Who is this “max” bloke anyway? (maxCachePlus that is)

March 21, 2014

Someone in Adaptec marketing has a son called “Max” … that’s my theory anyway … because just about everything we do these days has letters “max” involved.

The latest incarnation is maxCachePlus. This is an evolution of our previous maxCache product – maxCachePlus (mcp for short) is a teiring technology, as well as a caching technology like our previous versions.

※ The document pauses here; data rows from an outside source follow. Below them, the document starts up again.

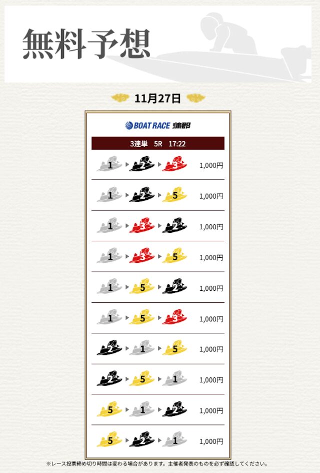 料金は50,000円と一気に上がり、これまでの結果から予想への期待値も高いです。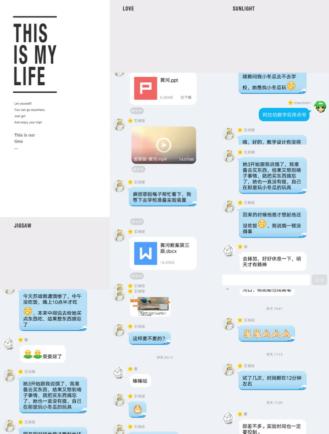 周日零点过了,王老师还在群里发信息,周日下午五点过还在准备教具。至此,《黄河》前世结束。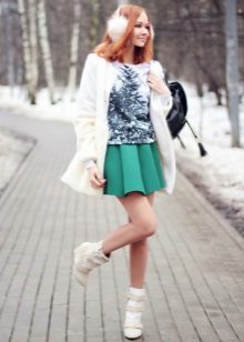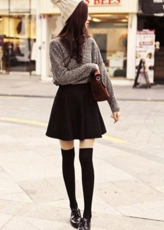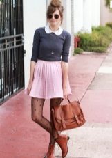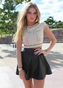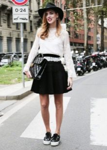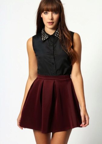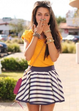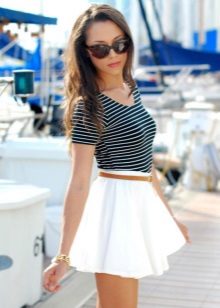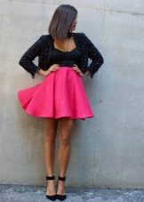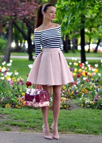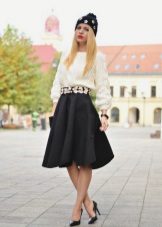 But when choosing an accompaniment to a flared skirt, it is necessary to take into account the material of the product. If the skirt is sewn from thin fabric, a light top, a simple knitted T-shirt, a light shirt or blouse will suit it. A bolero, denim jacket or casual cardigan can be thrown over.

You’ve all seen and heard of Seagate’s hybrid drives – a spinning drive with a chunk of flash storage built into the drive – with the theory being that what is required to be “fast” gets put on the flash and what is not so important stays on the spinning media. This is great for laptops and single drive systems, but it doesn’t work in RAID or large configurations because … (basically too many cooks spoil the broth – the controller can’t tell where the data is residing in the individual drives).

mcp does the same thing on a much larger scale.

In the past, maxCache (caching only) copied the hot data onto SSDs acting as fast storage – the data still remained on the hard drives with a copy of “hot” data on the SSD. This works pretty well, but you don’t get to see, or use, the capacity of the SSDs … it’s hidden from you. Combined with the fact that this only works on drives attached to the controller and there are “some” limitations.

mcp can use any storage in your system (with the usual proviso’s) … and can combine all that storage into a single volume, of which you get to see and use the entire capacity.

Now the simple easy way to think about this is that you take 8 x 4tb hdd and put them in a RAID 5 – not all that fast and certainly no good for random data, but big (eg 28tb). To this you might add 4 x 250gb SSD in a RAID 10 (good for random data) – that’s 512gb of storage that you’d like to see and make use of. With mcp you combine all that into one volume – giving a total of 28.5tb.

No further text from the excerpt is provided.